Os sintomas – desmaios, febres intensas, dores de cabeça e vómitos – começaram a ser sentidos pelos voluntários logo após a administração da droga. Algumas horas depois, o pessoal médico (trabalhadores da empresa de ensaios) conduziu os homens aos cuidados intensivos do hospital onde a experiência estava a decorrer. O diagnóstico indicou falência múltipla de órgãos. Alguns pacientes sofreram um inchaço anormal, de cabeça e pescoço.
Ao todo, oito homens, todos saudáveis, acederam em submeter-se à experiência a troco de um pagamento de 3300 euros. Dois constituíam o grupo de controlo e foi-lhes dado apenas um placebo.# J. P. P. “
As questões que levanta a notícia acabada de transcrever são muitas e deveriam ser, mas não são, tratadas a vários níveis. Aqui só se abordarão alguns aspectos que se relacionam com o título e o texto do trabalho “COM POUCOs também se INVESTIGA”.
Como se vê, empresas especializadas de países desenvolvidos promovem investigação experimental em seres humanos com poucos sujeitos – 8 no caso noticiado, 6 no grupo experimental e 2 no de controlo. Se se tivessem contentado com o mínimo que o método convencional comporta - 6 como descrito na obra referida, 3 no grupo experimental e outros 3 no de controlo, teriam poupado, em pagamentos aos voluntários, 6600 euros e, muito mais importante do que isso, evitariam 3 internamentos nos cuidados intensivos. Quem tiver entendido o que no texto da obra se descreve, não terá dificuldade em verificar que com 8 indivíduos experimentais, 4 no grupo experimental e outros 4 no de controlo, os casos possíveis (o conjunto das classificações dos sujeitos de qualquer dos grupos) são 70 e que o melhor resultado possível teria a probabilidade (o erro de tipo I) de 1/70; não se teria poupado dinheiro mas evitavam-se 2 internamentos em cuidados intensivos. Com 6 no grupo experimental e dois no de controlo os casos possíveis são apenas 28 e o melhor sucesso possível sê-lo-ia com um erro de tipo I de 1/28, bem maior do que 1/70 e acabou por provocar 6 internamentos nos cuidados intensivos. O menos que pode dizer-se é que é caso para duvidar muito seriamente das competências, nesta e em outras áreas, dos técnicos (e dos dirigentes) das empresas envolvidas.

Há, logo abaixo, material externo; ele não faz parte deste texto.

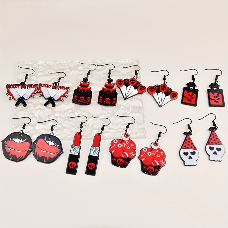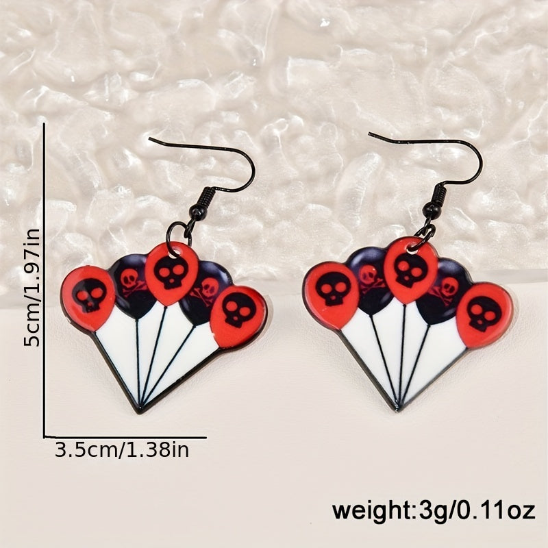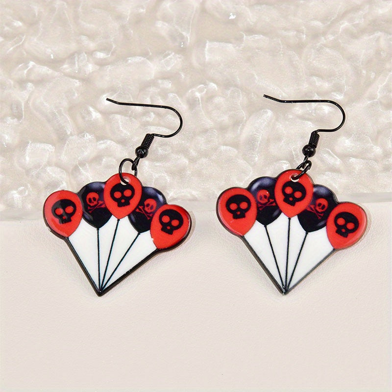 Spooky and festive earrings featuring horror skull balloon mouth and lipstick design. Perfect for adding a touch of Halloween spirit to your outfit.

Se o projecto de ensaio fosse integrado nos SSED (single subject experimental design) – ou métodos de sujeito único numa tradução tão pouco feliz como a designação em inglês – de que se descrevem na obra referida três procedimentos diferentes com mínimos de 5 até 3 sujeitos experimentais, os riscos e os custos podiam e deviam ter sido ainda muito melhores. Como esses procedimentos obrigam a “tratar” apenas um sujeito de cada vez, no caso concreto do ensaio noticiado apenas um teria ido parar aos cuidados intensivos e a redução de custos com sujeitos experimentais poderia ter atingido os 16500 euros.
Aos leitores de “COM POUCOs também SE INVESTIGA” deixa-se como um último problema (aqui já parcialmente resolvido), o de quantificar as máximas economias em dinheiro e em número de internamentos em cuidados intensivos que cada procedimento dos descritos no texto permitiria, no caso concreto do medicamento ensaiado, com um erro de tipo I igual ou menor do que os 5% que a comprovação estatística aceita.